Говорить об этом сейчас преждевременно. Американцы требуют ограничения российского тактического ядерного вооружения. США и Россия находятся в совершенно разных геополитических условиях, и мы не можем уравнять количество тактического ядерного вооружения.
Проблема с тактическим оружием заключается в том, что договор должен предусматривать меры контроля, которые по отношению к тактическому оружию до сих пор не применялись. Одну из главных причин вижу в том, что носители тактического ядерного оружия имеют двойное назначение. У них сотни мест дислокации, поэтому контролировать их так, как контролируются известные базы стратегического оружия, невозможно.
Кроме того, нестратегическое вооружение, по прецеденту нового Договора по СНВ находится в неразвернутом состоянии, когда боезаряды тактического оружия помещены на централизованные склады хранения. Чтобы обеспечить режимы верификации, нужно контролировать на складах ядерные боезаряды. Но они хранятся вместе со стратегическими неразвернутыми ядерными боезарядами, и ни одна из сторон никогда не пускала в эти хранилища инспекторов.
Но целесообразно было бы осуществить серию консультаций сторон о более широком обмене информацией. Можно было бы сообщить о количестве тактических ядерных вооружений, ликвидированных по президентским инициативам девяностых годов, обменяться официальными данными о сегодняшнем количестве боеголовок тактических ядерных вооружений, подтвердить решения о размещении их в централизованных хранилищах, продемонстрировав пустые склады, где они были ранее. Препятствием для начала консультаций может быть невыполнение давних ещё советских условий, в соответствии с которым США, прежде всего, должны вывести своё тактическое ядерное оружие из Европы.
Нет согласия и в сфере противоракетной обороны.
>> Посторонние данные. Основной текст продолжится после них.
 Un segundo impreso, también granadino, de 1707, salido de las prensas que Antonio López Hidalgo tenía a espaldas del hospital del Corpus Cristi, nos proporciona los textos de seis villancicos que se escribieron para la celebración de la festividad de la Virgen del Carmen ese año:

Без договоренностей по этим вопросам нового договора по стратегическим вооружениям не будет.
Каковы основные препятствия к полноценному сотрудничеству между Россией и ее американскими, европейскими партнерами в построении ЕвроПРО и глобальной ПРО? Считаете ли Вы возможным выход из сегодняшнего тупика в переговорах?
Проблемы противоречий по ПРО лежат не в сфере военной безопасности, а в политической области. Поскольку как подтверждает исторический опыт, никакая противоракетная оборона не сможет защитить территорию страны от ответного удара.
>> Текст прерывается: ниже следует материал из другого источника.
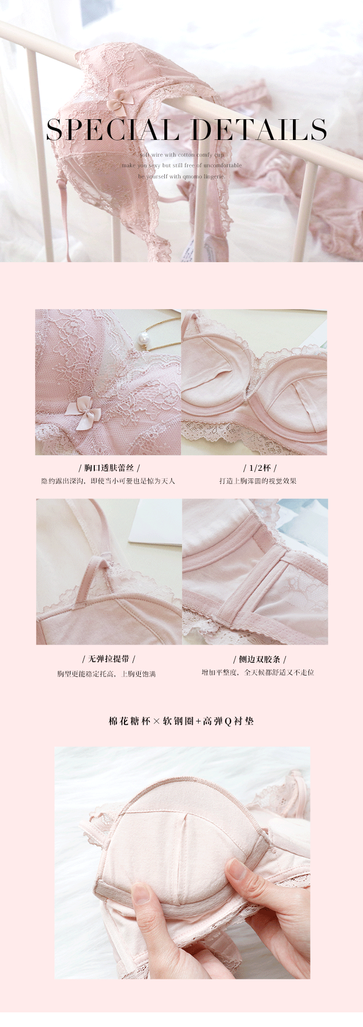 Qmomo【Cotton Levingne】Soft-wired Bra (Soft Pink)

Что касается наших требований по юридически обязывающим соглашениям о ненаправленности ЕвроПРО по отношения к нашим СЯС, то здесь важны следующие факторы. Во-первых, для российской стороны, судя по выступлению начальника Генштаба ВС РФ на международной конференции в Москве, теперь уже не важны технические характеристики противоракет США, а только география размещения противоракет и радаров. Это условие можно было бы согласовать на основе, разработанной совместно российскими, американскими и натовскими специалистами в рамках Евроатлантической инициативы по безопасности.
Во-вторых, возможно создание двух центров сотрудничества – центра обмена информацией, где могли бы находиться российские и натовские специалисты, и центра непосредственного планирования и управления, тоже с российскими и натовскими специалистами. Это был бы первый и очень серьезный шаг.
Вопрос о совместной российско-американской обороне мне кажется преждевременным, поскольку Россия не обладает системами ПРО, сопоставимыми с теми, которые есть у США, – с «Иджисами» или даже с THAAD.
Следует ли придавать переговорам по ядерному разоружению многостороннее измерение и подключать к ним остальные ядерные державы? Насколько высока вероятность того, что это когда-либо произойдет?
Другие ядерные державы стоят на твердой позиции: пока Россия и США не сократят свои ядерные вооружения до сопоставимых с ними уровней, никаких многосторонних переговоров не будет. Полагаю, что это произойдет нескоро. Кроме того, многосторонний переговорный процесс должен заканчиваться подписанием договора, который отражал бы меры транспарентности и контроля. Это чрезвычайно долгий и сложный процесс даже в рамках переговоров официальных членов ядерного клуба, «Большой пятерки». Пока перспектив для этого я не вижу.
Беседовал Александр Шамшурин, программный ассистент РСМД.